EXERCISE GOAL
Word for word, retype the lines from the one containing "blackberryworld, (giant cat" to the one containing "secondary antibody respectively." below, keeping both end lines and dropping the pictures.

SUPPLIED ENTRIES
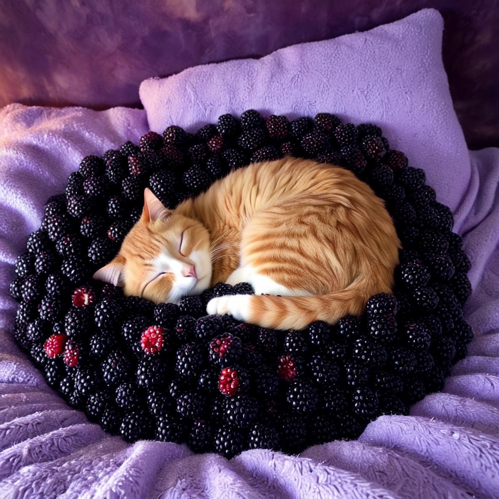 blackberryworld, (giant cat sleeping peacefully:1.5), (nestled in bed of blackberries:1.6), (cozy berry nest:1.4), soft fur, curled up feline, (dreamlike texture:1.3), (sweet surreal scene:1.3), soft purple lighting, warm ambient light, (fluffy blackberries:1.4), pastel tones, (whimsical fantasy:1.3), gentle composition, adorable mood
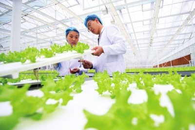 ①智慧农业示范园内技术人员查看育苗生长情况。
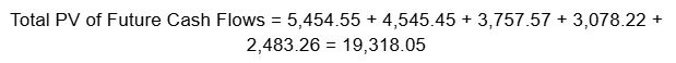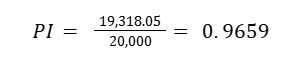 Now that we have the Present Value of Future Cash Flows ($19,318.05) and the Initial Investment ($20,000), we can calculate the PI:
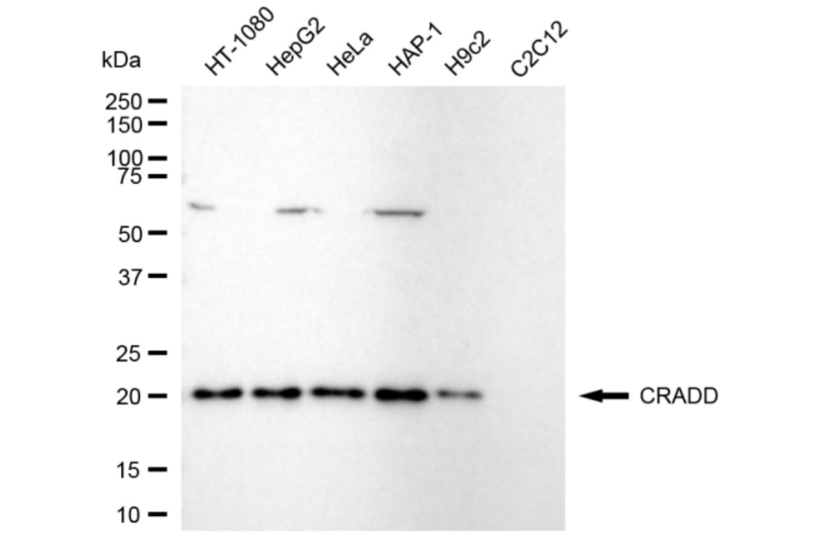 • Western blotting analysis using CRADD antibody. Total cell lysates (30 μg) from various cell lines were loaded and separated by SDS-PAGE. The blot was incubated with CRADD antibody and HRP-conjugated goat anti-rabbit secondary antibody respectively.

* * *

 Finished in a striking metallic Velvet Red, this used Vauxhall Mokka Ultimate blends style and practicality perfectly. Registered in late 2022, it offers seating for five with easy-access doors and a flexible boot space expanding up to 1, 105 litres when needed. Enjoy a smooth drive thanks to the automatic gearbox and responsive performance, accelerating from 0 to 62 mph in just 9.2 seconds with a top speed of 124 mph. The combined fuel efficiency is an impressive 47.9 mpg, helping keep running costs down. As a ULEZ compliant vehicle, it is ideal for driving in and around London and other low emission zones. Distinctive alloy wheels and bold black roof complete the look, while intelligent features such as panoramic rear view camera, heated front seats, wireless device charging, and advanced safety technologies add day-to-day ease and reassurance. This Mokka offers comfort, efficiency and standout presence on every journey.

SOLUTION FOR THIS PROBLEM
 blackberryworld, (giant cat sleeping peacefully:1.5), (nestled in bed of blackberries:1.6), (cozy berry nest:1.4), soft fur, curled up feline, (dreamlike texture:1.3), (sweet surreal scene:1.3), soft purple lighting, warm ambient light, (fluffy blackberries:1.4), pastel tones, (whimsical fantasy:1.3), gentle composition, adorable mood
 ①智慧农业示范园内技术人员查看育苗生长情况。
 Now that we have the Present Value of Future Cash Flows ($19,318.05) and the Initial Investment ($20,000), we can calculate the PI:
 • Western blotting analysis using CRADD antibody. Total cell lysates (30 μg) from various cell lines were loaded and separated by SDS-PAGE. The blot was incubated with CRADD antibody and HRP-conjugated goat anti-rabbit secondary antibody respectively.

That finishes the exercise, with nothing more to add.